== Material provided ==
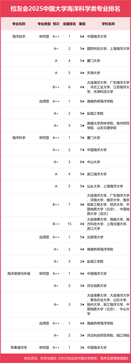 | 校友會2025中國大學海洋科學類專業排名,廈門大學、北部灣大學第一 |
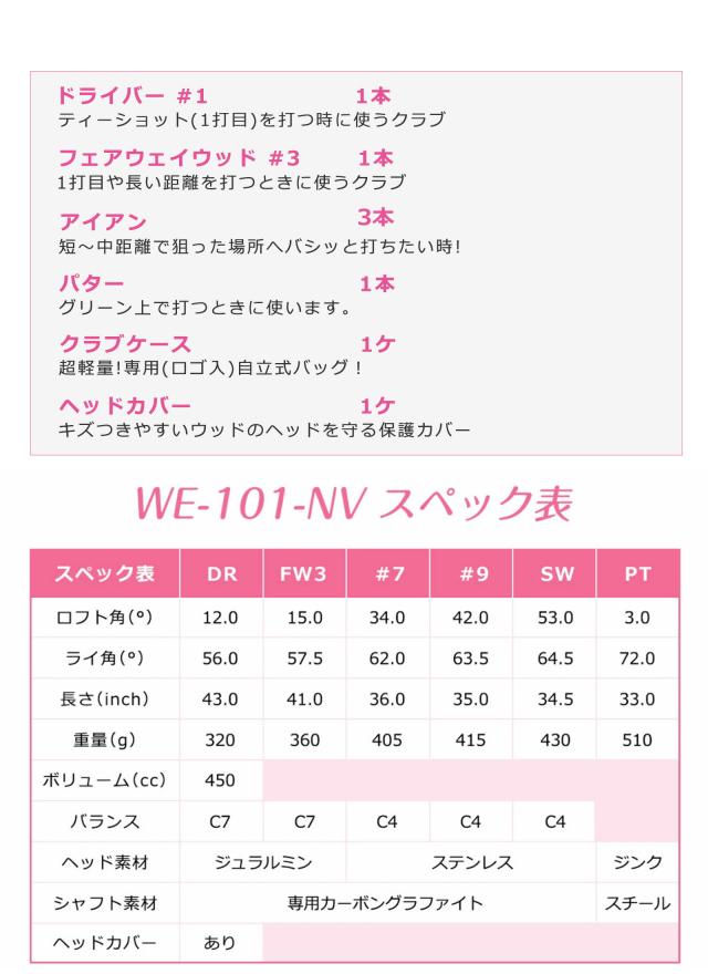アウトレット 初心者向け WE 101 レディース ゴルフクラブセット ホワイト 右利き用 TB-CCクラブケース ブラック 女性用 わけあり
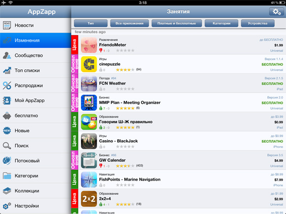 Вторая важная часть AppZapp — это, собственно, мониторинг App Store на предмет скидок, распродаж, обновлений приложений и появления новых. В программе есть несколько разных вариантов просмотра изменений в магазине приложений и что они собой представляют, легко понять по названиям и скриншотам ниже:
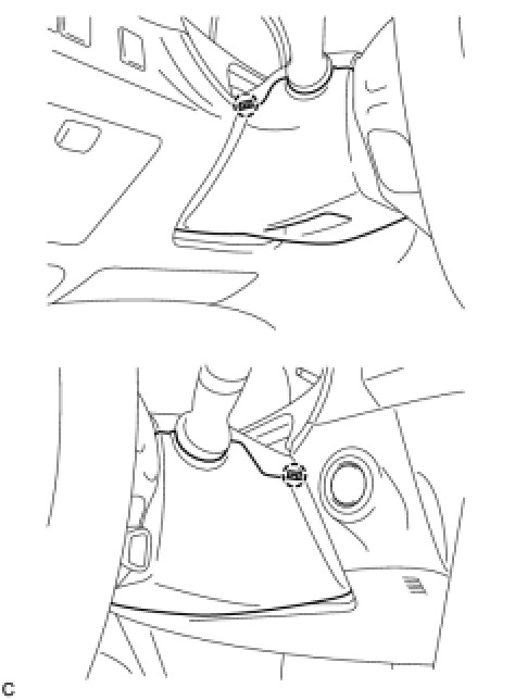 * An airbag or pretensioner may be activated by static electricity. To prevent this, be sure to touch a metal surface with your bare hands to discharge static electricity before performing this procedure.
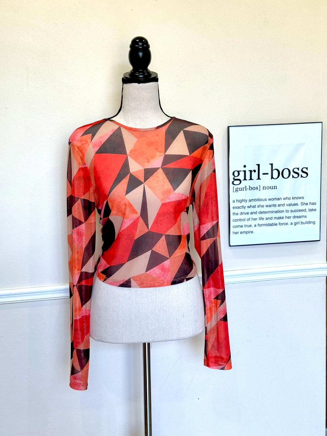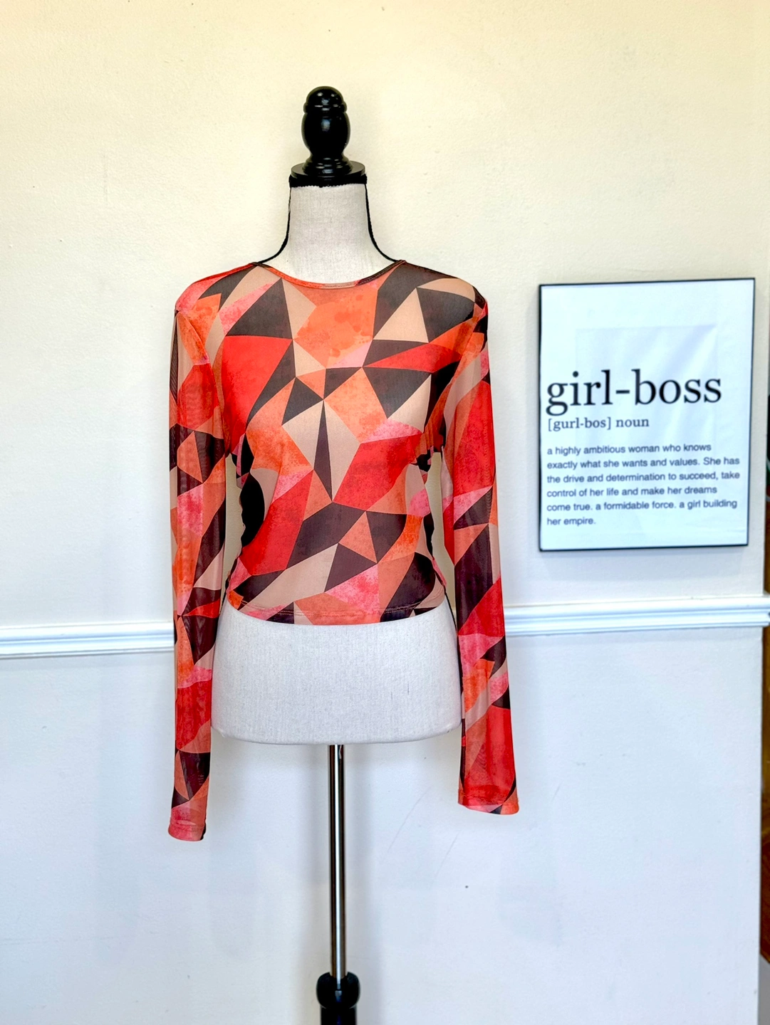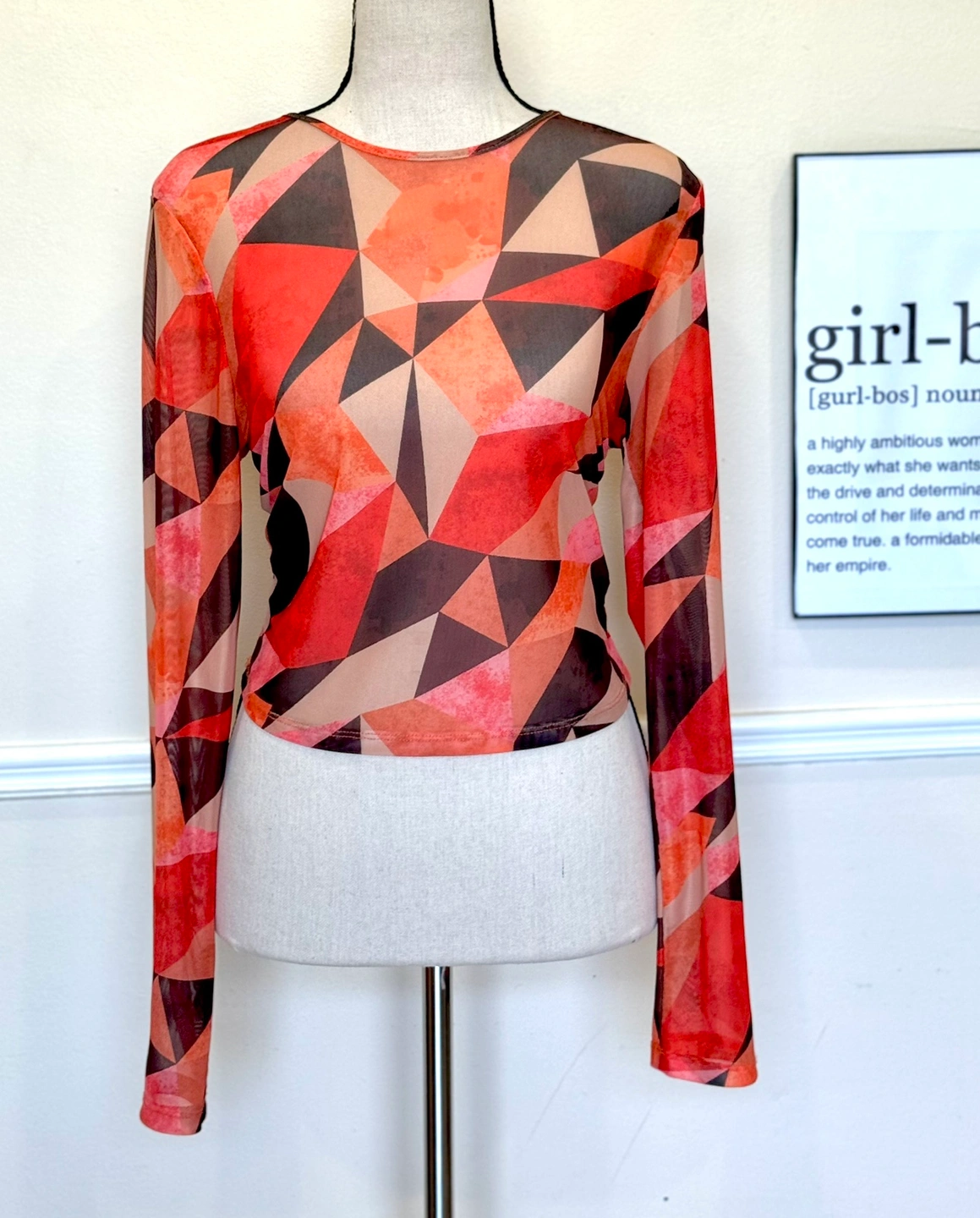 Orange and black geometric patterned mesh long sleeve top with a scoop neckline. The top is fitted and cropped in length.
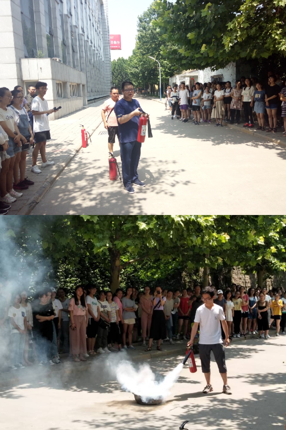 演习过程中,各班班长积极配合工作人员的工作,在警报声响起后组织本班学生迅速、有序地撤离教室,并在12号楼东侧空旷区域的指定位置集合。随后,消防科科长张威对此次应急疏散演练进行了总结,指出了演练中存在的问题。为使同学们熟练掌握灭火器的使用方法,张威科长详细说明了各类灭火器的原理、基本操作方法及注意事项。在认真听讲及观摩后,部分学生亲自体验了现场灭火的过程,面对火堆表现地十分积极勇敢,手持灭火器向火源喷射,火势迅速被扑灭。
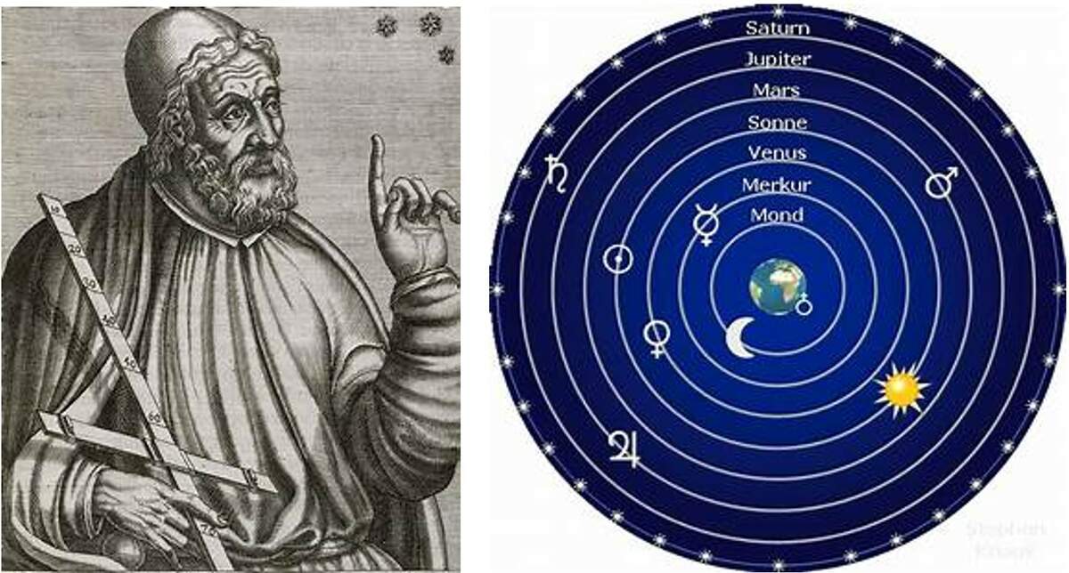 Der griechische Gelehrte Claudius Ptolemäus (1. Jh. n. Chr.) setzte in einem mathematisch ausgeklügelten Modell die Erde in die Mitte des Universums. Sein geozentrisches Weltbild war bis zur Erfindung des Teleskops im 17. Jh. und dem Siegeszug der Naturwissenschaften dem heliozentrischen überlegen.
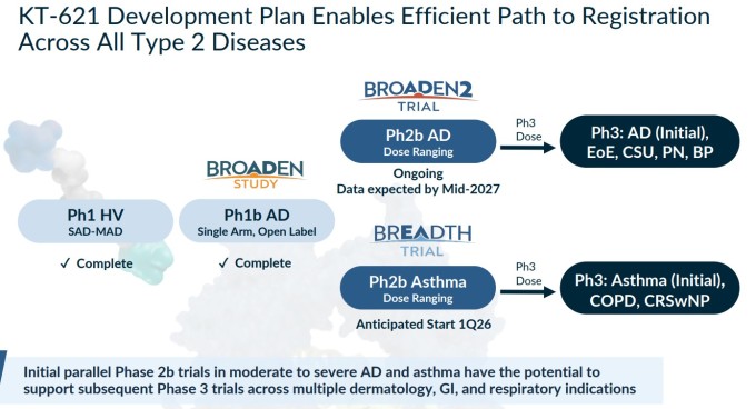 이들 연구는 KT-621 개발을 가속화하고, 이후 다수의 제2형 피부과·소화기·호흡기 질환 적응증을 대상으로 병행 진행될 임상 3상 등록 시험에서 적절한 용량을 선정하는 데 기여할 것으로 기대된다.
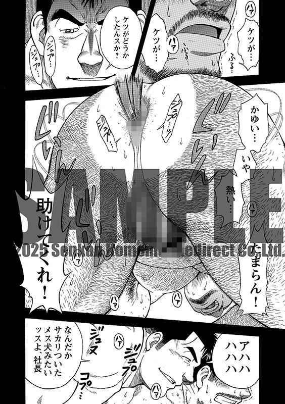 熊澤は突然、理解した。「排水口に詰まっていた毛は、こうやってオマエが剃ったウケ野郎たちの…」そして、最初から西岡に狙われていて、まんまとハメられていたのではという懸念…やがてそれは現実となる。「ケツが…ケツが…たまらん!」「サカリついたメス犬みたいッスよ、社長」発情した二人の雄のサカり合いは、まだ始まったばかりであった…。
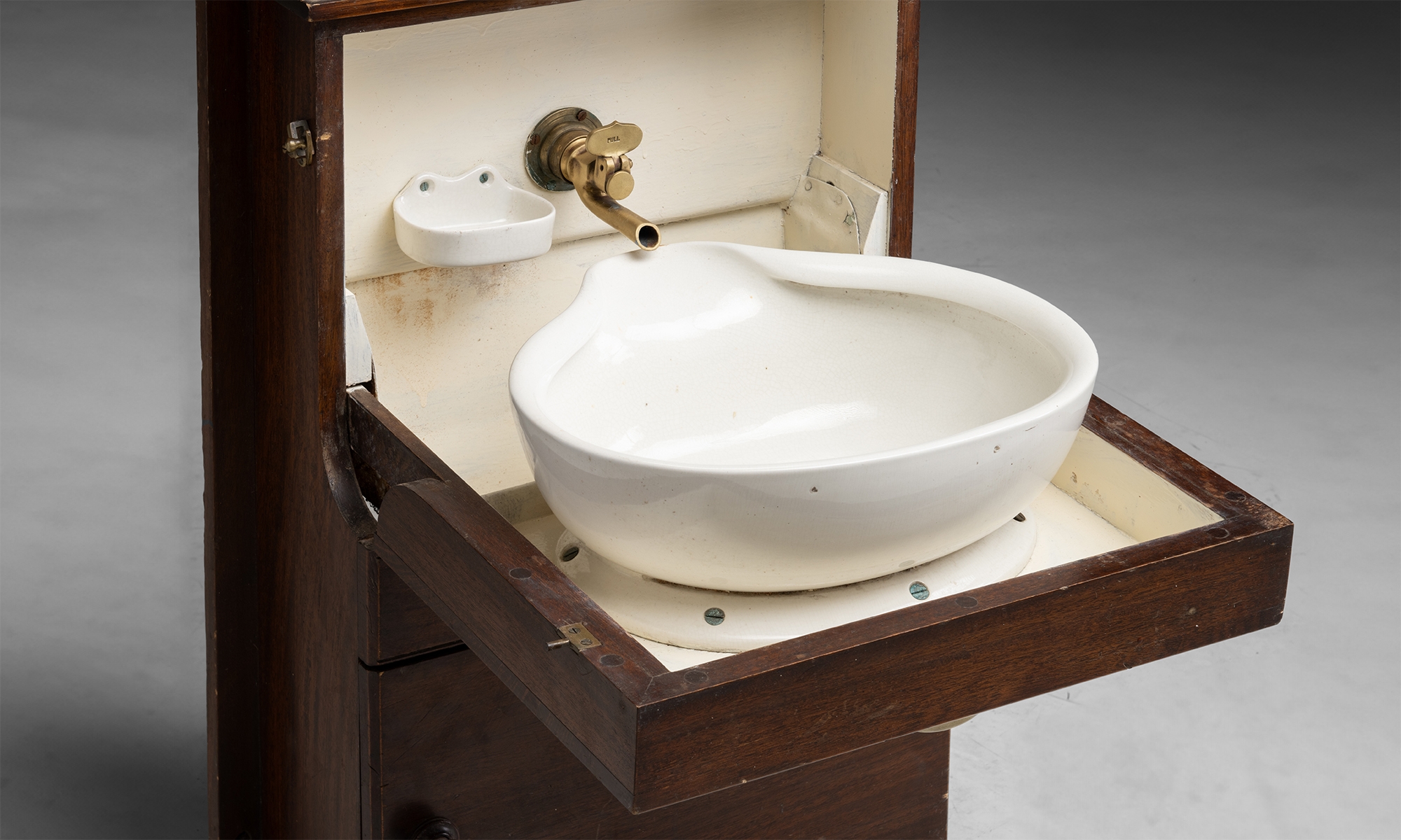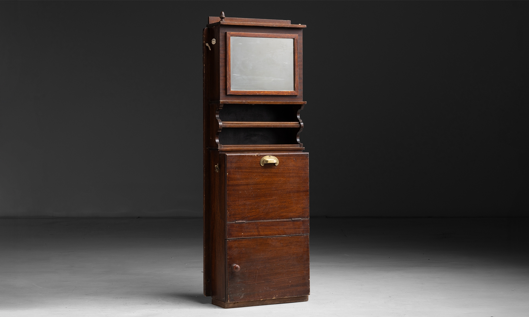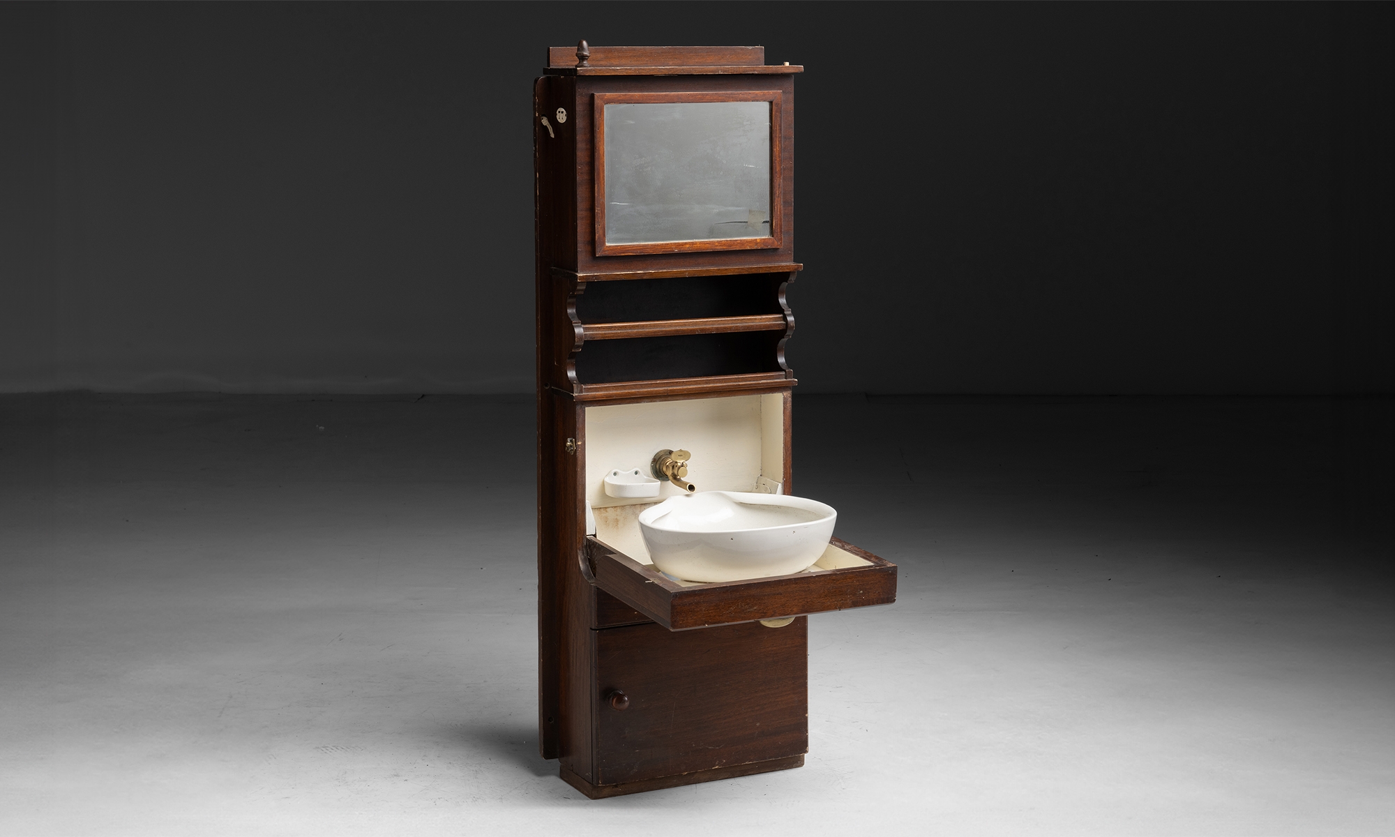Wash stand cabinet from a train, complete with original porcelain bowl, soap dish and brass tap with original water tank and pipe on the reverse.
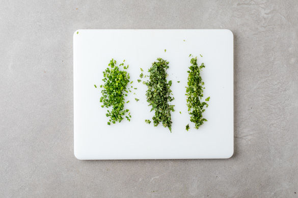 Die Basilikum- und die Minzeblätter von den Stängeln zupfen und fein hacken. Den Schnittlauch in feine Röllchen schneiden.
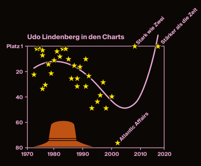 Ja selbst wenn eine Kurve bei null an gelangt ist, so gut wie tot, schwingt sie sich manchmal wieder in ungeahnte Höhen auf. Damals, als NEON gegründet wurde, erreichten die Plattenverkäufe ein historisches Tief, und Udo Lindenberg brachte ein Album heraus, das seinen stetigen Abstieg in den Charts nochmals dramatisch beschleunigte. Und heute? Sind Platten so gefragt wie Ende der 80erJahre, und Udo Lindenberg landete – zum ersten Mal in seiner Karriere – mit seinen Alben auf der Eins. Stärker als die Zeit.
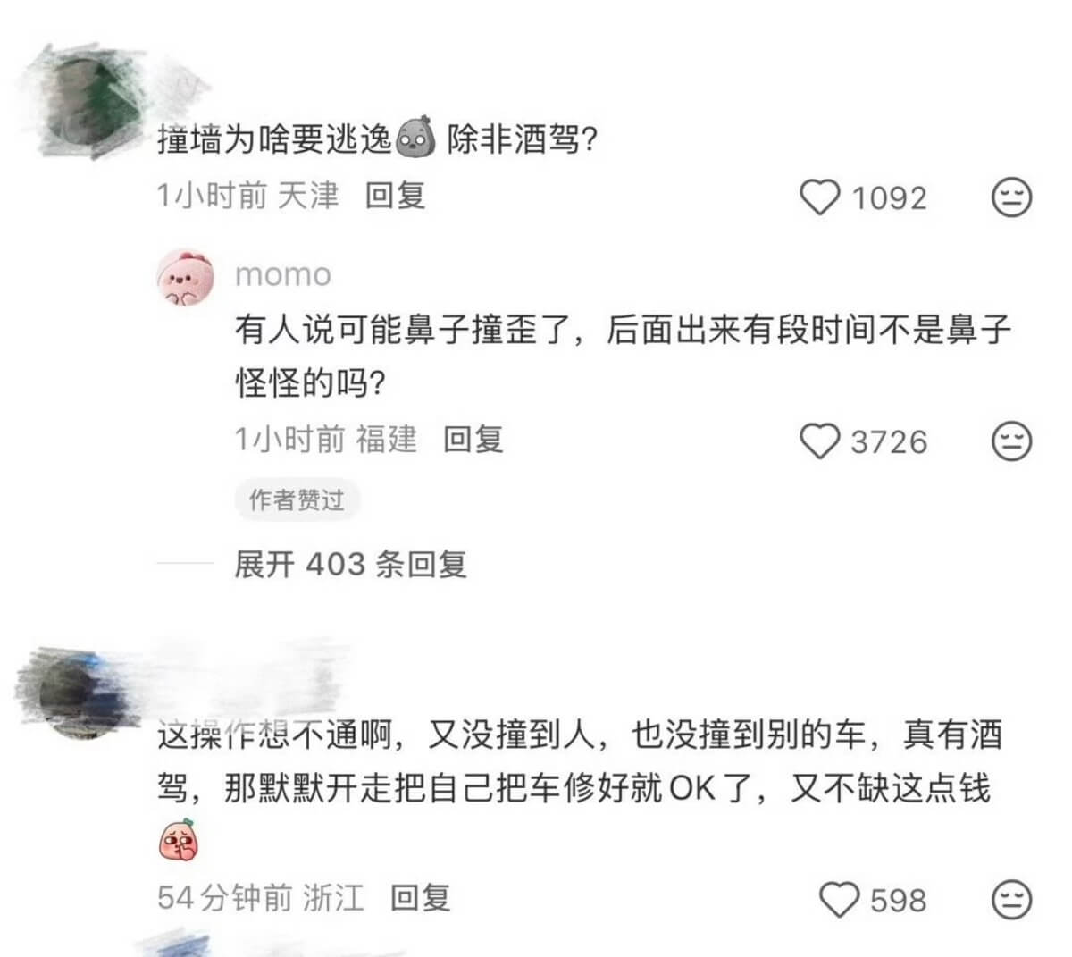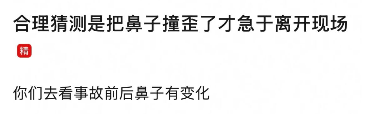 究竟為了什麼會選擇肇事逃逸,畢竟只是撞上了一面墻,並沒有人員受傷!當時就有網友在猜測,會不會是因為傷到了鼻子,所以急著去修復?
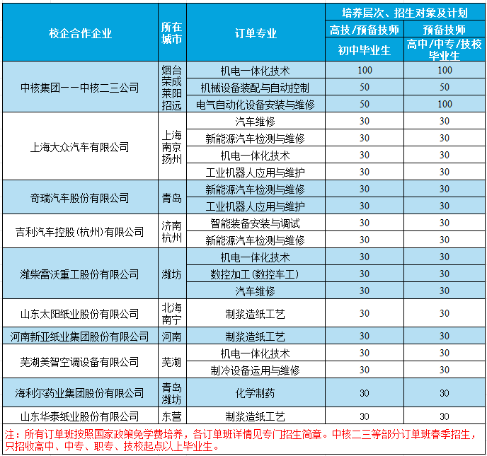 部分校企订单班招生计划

== Your goal ==
Reproduce the opening lines of the material above exactly, ending with the line that contains "演习过程中,各班班长积极配合". Omit every picture.

== Exercise solution ==
 | 校友會2025中國大學海洋科學類專業排名,廈門大學、北部灣大學第一 |
アウトレット 初心者向け WE 101 レディース ゴルフクラブセット ホワイト 右利き用 TB-CCクラブケース ブラック 女性用 わけあり
 Вторая важная часть AppZapp — это, собственно, мониторинг App Store на предмет скидок, распродаж, обновлений приложений и появления новых. В программе есть несколько разных вариантов просмотра изменений в магазине приложений и что они собой представляют, легко понять по названиям и скриншотам ниже:
 * An airbag or pretensioner may be activated by static electricity. To prevent this, be sure to touch a metal surface with your bare hands to discharge static electricity before performing this procedure.
 Orange and black geometric patterned mesh long sleeve top with a scoop neckline. The top is fitted and cropped in length.
 演习过程中,各班班长积极配合工作人员的工作,在警报声响起后组织本班学生迅速、有序地撤离教室,并在12号楼东侧空旷区域的指定位置集合。随后,消防科科长张威对此次应急疏散演练进行了总结,指出了演练中存在的问题。为使同学们熟练掌握灭火器的使用方法,张威科长详细说明了各类灭火器的原理、基本操作方法及注意事项。在认真听讲及观摩后,部分学生亲自体验了现场灭火的过程,面对火堆表现地十分积极勇敢,手持灭火器向火源喷射,火势迅速被扑灭。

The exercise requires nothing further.